Betting shops show the racing on TV screens and now stay open late into the night and the races are broadcast live on Sky Sports every week.

Furthermore, the explosion of online and mobile gambling has accelerated change.

Mr Henwood challenged the narrative that televising dog racing has damaged the sport.

He said: “I think it’s been actually a plus rather than a minus, because I think the showing of the dogs has given it a national appeal.

“People see it on there [television] then it makes them want to come to the dogs.

“In the same way that it improved the football in some respects.”

However, although football fans can enjoy the Premier League from their armchairs, stadiums remain full despite high ticket prices.

Mr Matthews said: “They still keep their attendances and we’ve fallen behind the times.

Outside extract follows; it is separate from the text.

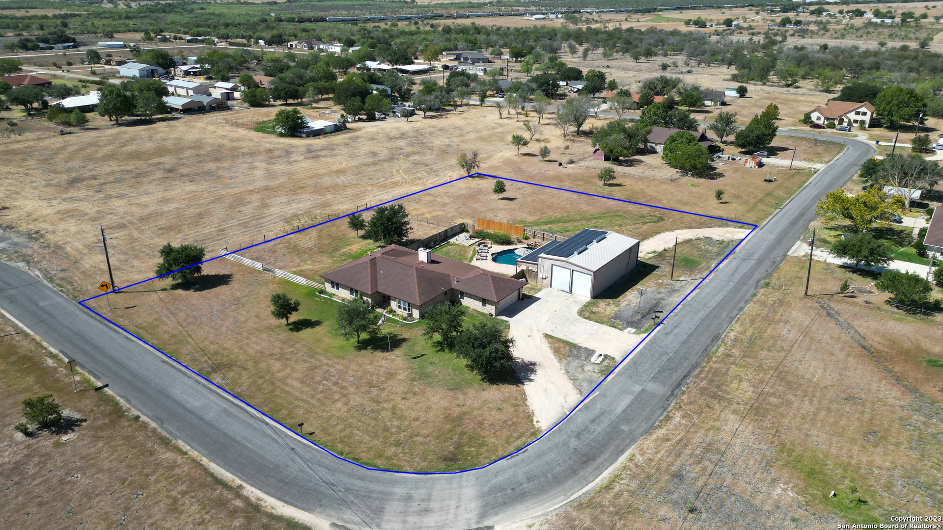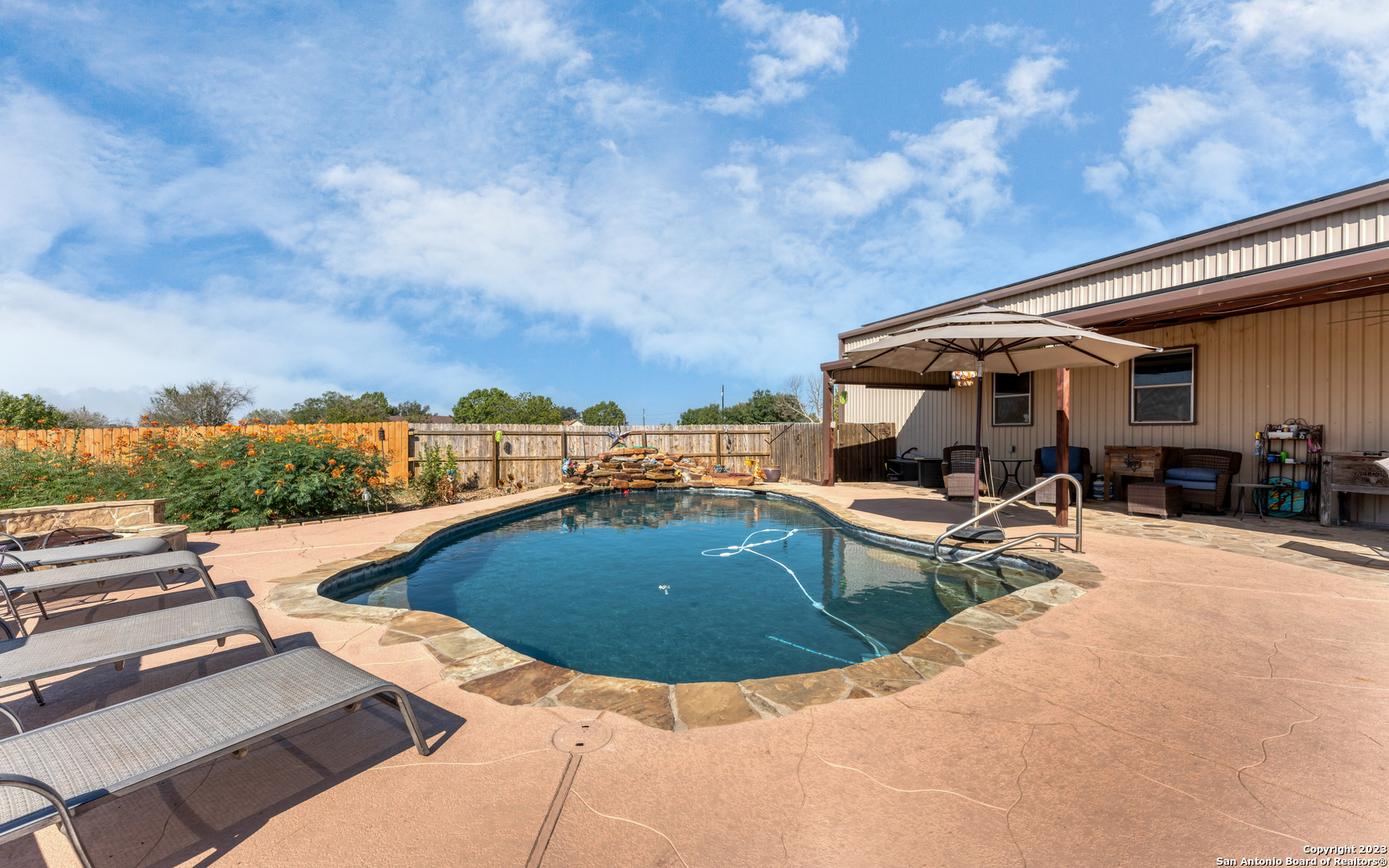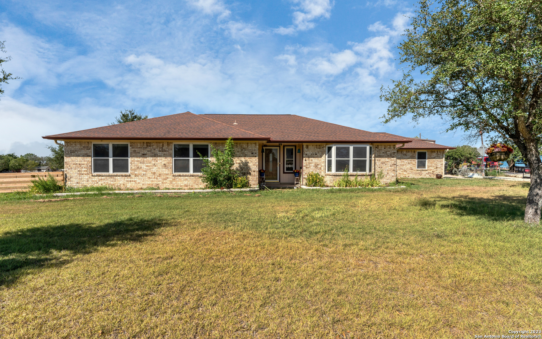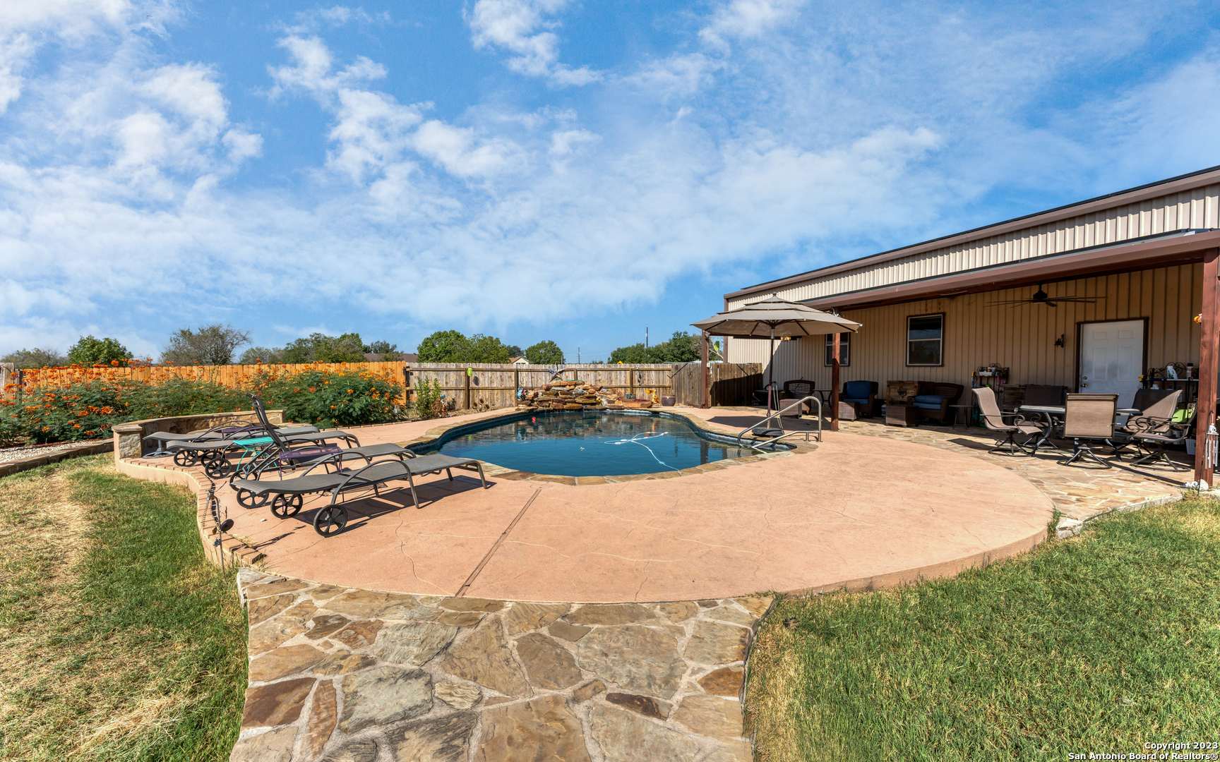 One story, ranch style home on a corner lot with custom pool, spa, waterfall and bonus workshop. Conveniently positioned on Santa Clara Loop with easy access to local amenities. Beautiful, all side brick home with recently installed HVAC, carpet, double pane windows & neutral interior paint. Enter the foyer which opens to the living room. Private formal dining room and breakfast nook located in the eat in kitchen. Kitchen equipped with pantry, breakfast bar and gas stove and range. Split 3 bedrooms, 2.5 baths with walk in closets. Spacious master suite with double vanity, sitting nook, spa garden tub, walk-in shower & large closets. Masonry, wood burning fireplace in family room. 2 car attached garage. Laundry/mudroom, linen closets and solar panels. 50x30 Metal shop with bonus workshop, on slab with electric and roll up doors. Privacy fencing for animals & flagpole in the front yard.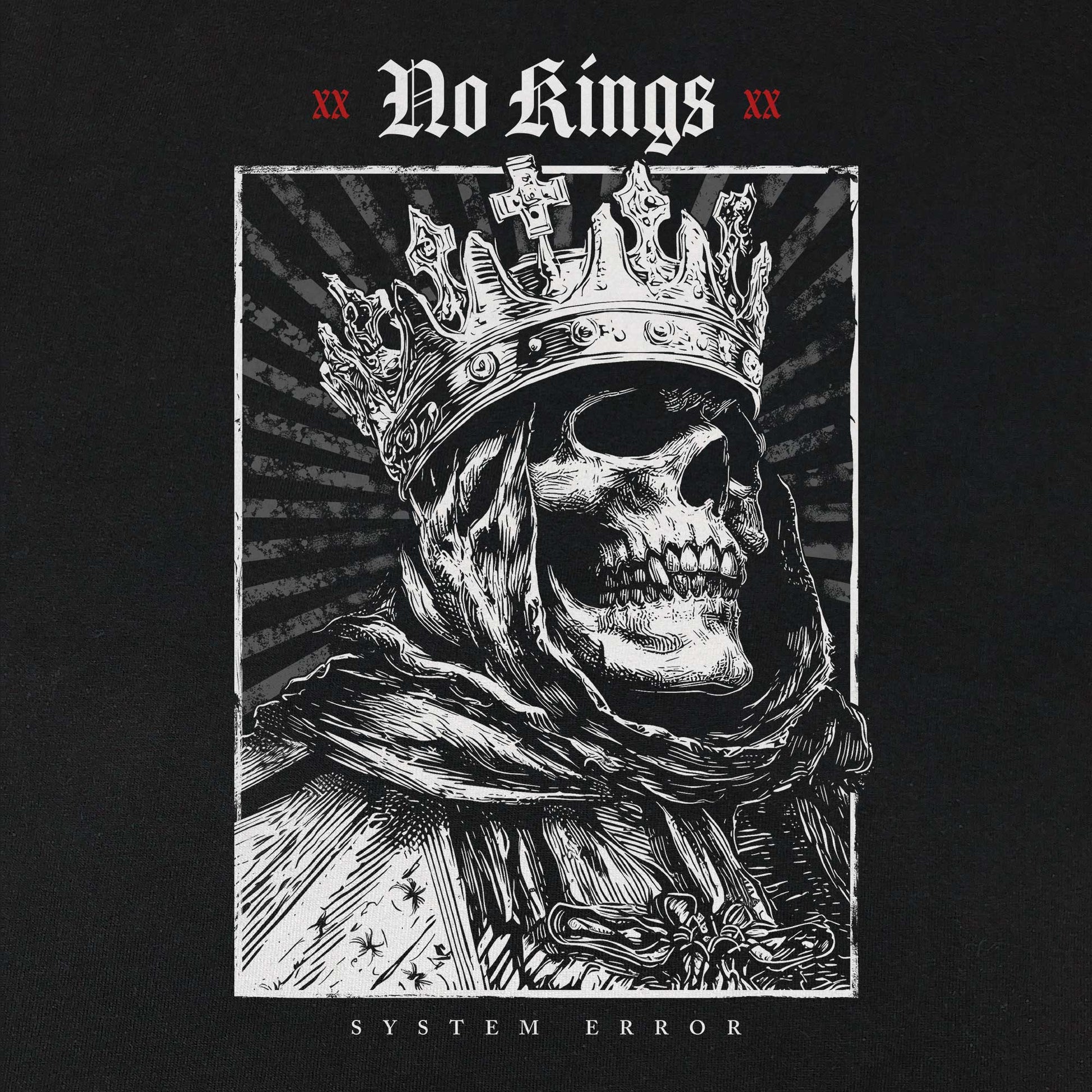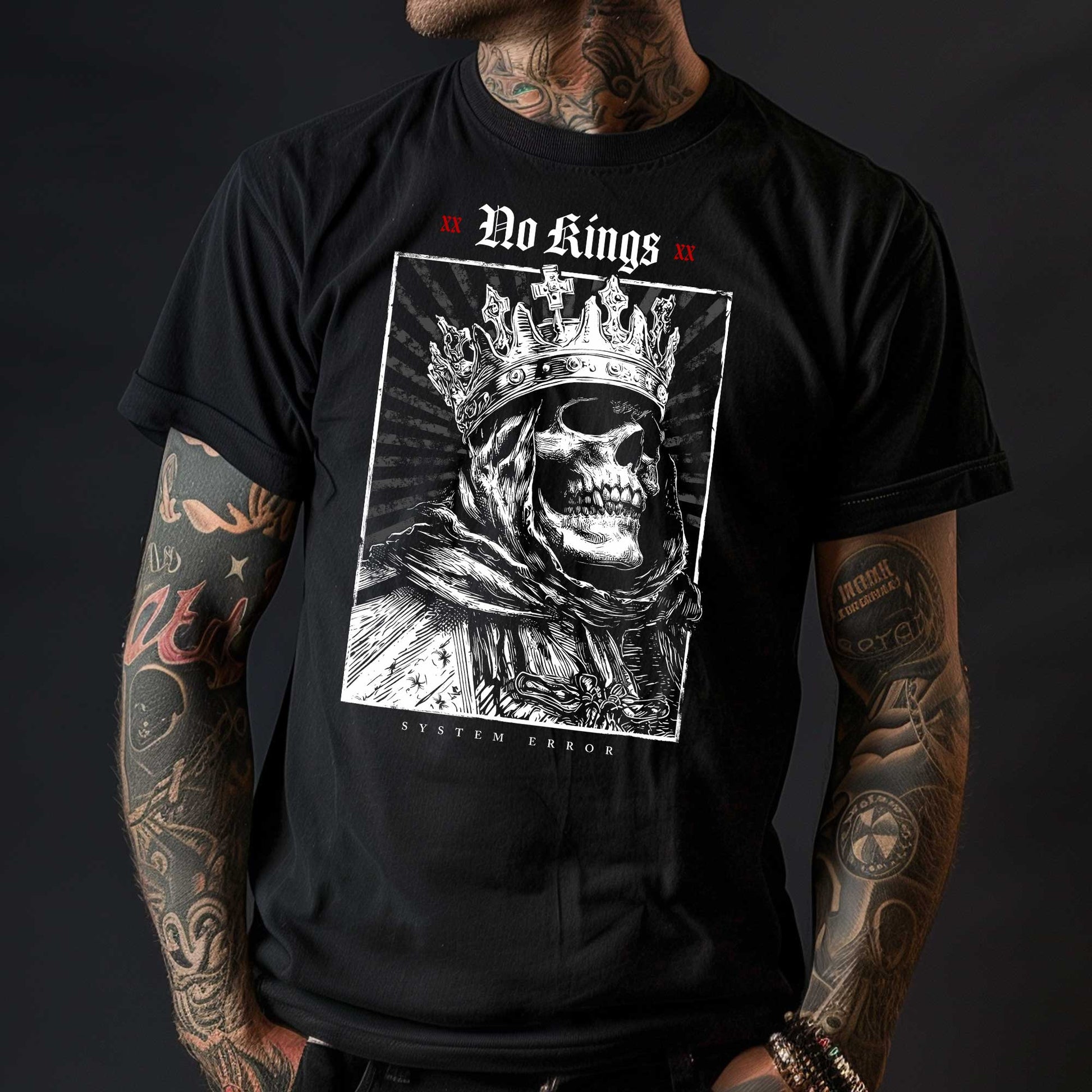 Dieses Statement-Shirt trägt deine Haltung nach außen: Keine Hierarchien, keine Autoritäten, keine Unterwerfung. Der markante Totenkopf-Print steht für Widerstand gegen jede Form von Herrschaft – ob politisch, religiös oder gesellschaftlich.

“If you look at snooker and boxing, you’ve got Barry Hearn behind those sports revamping them.

“The athlete Michael Johnson said athletics needs to be re-branded to become more popular again and it’s the same with greyhound racing.”

No such saviour has emerged for dog racing, therefore increasing the possibility of Wimbledon going the same way as Walthamstow, White City, Hackney, Haringey and the rest of our capital’s lost dog tracks.

This would be hugely symbolic for the sport as the SW17 stadium, home of the Derby — greyhound racing’s most prestigious race — has been coined the Wembley of dog racing.

It seemed as if AFC Wimbledon were set to take-over the Plough Lane site until Boris Johnson ‘called in’ their plans to build 602 flats and a 20,000 all-seater stadium.

New London Mayor Sadiq Khan has promised a decision soon, though he has in the past expressed concerns about the plans that were unanimously approved by Merton Borough Council.

The issue was complicated recently by heavy rain that caused the precincts of the stadium to flood, which some have argued is proof that the site is not fit for housing.

What happens now depends on Mr Khan.